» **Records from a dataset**
◆ ◆ ◆ ◆ ◆
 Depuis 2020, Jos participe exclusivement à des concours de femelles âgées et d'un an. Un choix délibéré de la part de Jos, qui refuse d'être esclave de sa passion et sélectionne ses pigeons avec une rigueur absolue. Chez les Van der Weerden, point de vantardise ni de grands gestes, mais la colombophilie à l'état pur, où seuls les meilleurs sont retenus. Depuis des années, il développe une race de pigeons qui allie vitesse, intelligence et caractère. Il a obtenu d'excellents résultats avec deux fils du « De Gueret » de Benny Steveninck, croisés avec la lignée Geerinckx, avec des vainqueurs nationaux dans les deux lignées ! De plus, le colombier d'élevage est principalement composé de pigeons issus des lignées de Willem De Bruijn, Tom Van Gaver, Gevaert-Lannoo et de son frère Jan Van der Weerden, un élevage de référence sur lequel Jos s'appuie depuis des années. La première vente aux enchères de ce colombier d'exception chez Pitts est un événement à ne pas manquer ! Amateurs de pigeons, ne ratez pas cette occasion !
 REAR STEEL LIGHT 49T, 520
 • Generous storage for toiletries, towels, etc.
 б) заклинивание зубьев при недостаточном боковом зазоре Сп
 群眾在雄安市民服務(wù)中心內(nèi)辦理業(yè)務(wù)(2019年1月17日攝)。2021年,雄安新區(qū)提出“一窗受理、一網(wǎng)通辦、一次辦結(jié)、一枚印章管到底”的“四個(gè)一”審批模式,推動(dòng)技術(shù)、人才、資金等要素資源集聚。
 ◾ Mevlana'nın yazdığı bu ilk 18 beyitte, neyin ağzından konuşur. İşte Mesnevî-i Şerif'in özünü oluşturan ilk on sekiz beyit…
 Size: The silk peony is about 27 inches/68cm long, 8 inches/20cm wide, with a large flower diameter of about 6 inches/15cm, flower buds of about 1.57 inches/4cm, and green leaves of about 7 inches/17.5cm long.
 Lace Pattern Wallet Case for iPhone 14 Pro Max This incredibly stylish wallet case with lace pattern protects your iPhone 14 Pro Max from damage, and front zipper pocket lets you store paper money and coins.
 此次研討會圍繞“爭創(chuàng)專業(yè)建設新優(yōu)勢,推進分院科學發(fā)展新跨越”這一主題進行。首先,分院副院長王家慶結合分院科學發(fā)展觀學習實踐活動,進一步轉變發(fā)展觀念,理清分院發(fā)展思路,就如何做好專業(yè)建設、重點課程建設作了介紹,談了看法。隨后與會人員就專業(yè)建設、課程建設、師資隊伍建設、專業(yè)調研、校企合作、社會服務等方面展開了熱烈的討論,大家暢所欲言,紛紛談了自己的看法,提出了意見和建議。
◆ ◆ ◆ ◆ ◆
» **TASK REQUIREMENTS**
Word for word, repeat the records above.

» **YOUR SOLUTION**
 Depuis 2020, Jos participe exclusivement à des concours de femelles âgées et d'un an. Un choix délibéré de la part de Jos, qui refuse d'être esclave de sa passion et sélectionne ses pigeons avec une rigueur absolue. Chez les Van der Weerden, point de vantardise ni de grands gestes, mais la colombophilie à l'état pur, où seuls les meilleurs sont retenus. Depuis des années, il développe une race de pigeons qui allie vitesse, intelligence et caractère. Il a obtenu d'excellents résultats avec deux fils du « De Gueret » de Benny Steveninck, croisés avec la lignée Geerinckx, avec des vainqueurs nationaux dans les deux lignées ! De plus, le colombier d'élevage est principalement composé de pigeons issus des lignées de Willem De Bruijn, Tom Van Gaver, Gevaert-Lannoo et de son frère Jan Van der Weerden, un élevage de référence sur lequel Jos s'appuie depuis des années. La première vente aux enchères de ce colombier d'exception chez Pitts est un événement à ne pas manquer ! Amateurs de pigeons, ne ratez pas cette occasion !
 REAR STEEL LIGHT 49T, 520
 • Generous storage for toiletries, towels, etc.
 б) заклинивание зубьев при недостаточном боковом зазоре Сп
 群眾在雄安市民服務(wù)中心內(nèi)辦理業(yè)務(wù)(2019年1月17日攝)。2021年,雄安新區(qū)提出“一窗受理、一網(wǎng)通辦、一次辦結(jié)、一枚印章管到底”的“四個(gè)一”審批模式,推動(dòng)技術(shù)、人才、資金等要素資源集聚。
 ◾ Mevlana'nın yazdığı bu ilk 18 beyitte, neyin ağzından konuşur. İşte Mesnevî-i Şerif'in özünü oluşturan ilk on sekiz beyit…
 Size: The silk peony is about 27 inches/68cm long, 8 inches/20cm wide, with a large flower diameter of about 6 inches/15cm, flower buds of about 1.57 inches/4cm, and green leaves of about 7 inches/17.5cm long.
 Lace Pattern Wallet Case for iPhone 14 Pro Max This incredibly stylish wallet case with lace pattern protects your iPhone 14 Pro Max from damage, and front zipper pocket lets you store paper money and coins.
 此次研討會圍繞“爭創(chuàng)專業(yè)建設新優(yōu)勢,推進分院科學發(fā)展新跨越”這一主題進行。首先,分院副院長王家慶結合分院科學發(fā)展觀學習實踐活動,進一步轉變發(fā)展觀念,理清分院發(fā)展思路,就如何做好專業(yè)建設、重點課程建設作了介紹,談了看法。隨后與會人員就專業(yè)建設、課程建設、師資隊伍建設、專業(yè)調研、校企合作、社會服務等方面展開了熱烈的討論,大家暢所欲言,紛紛談了自己的看法,提出了意見和建議。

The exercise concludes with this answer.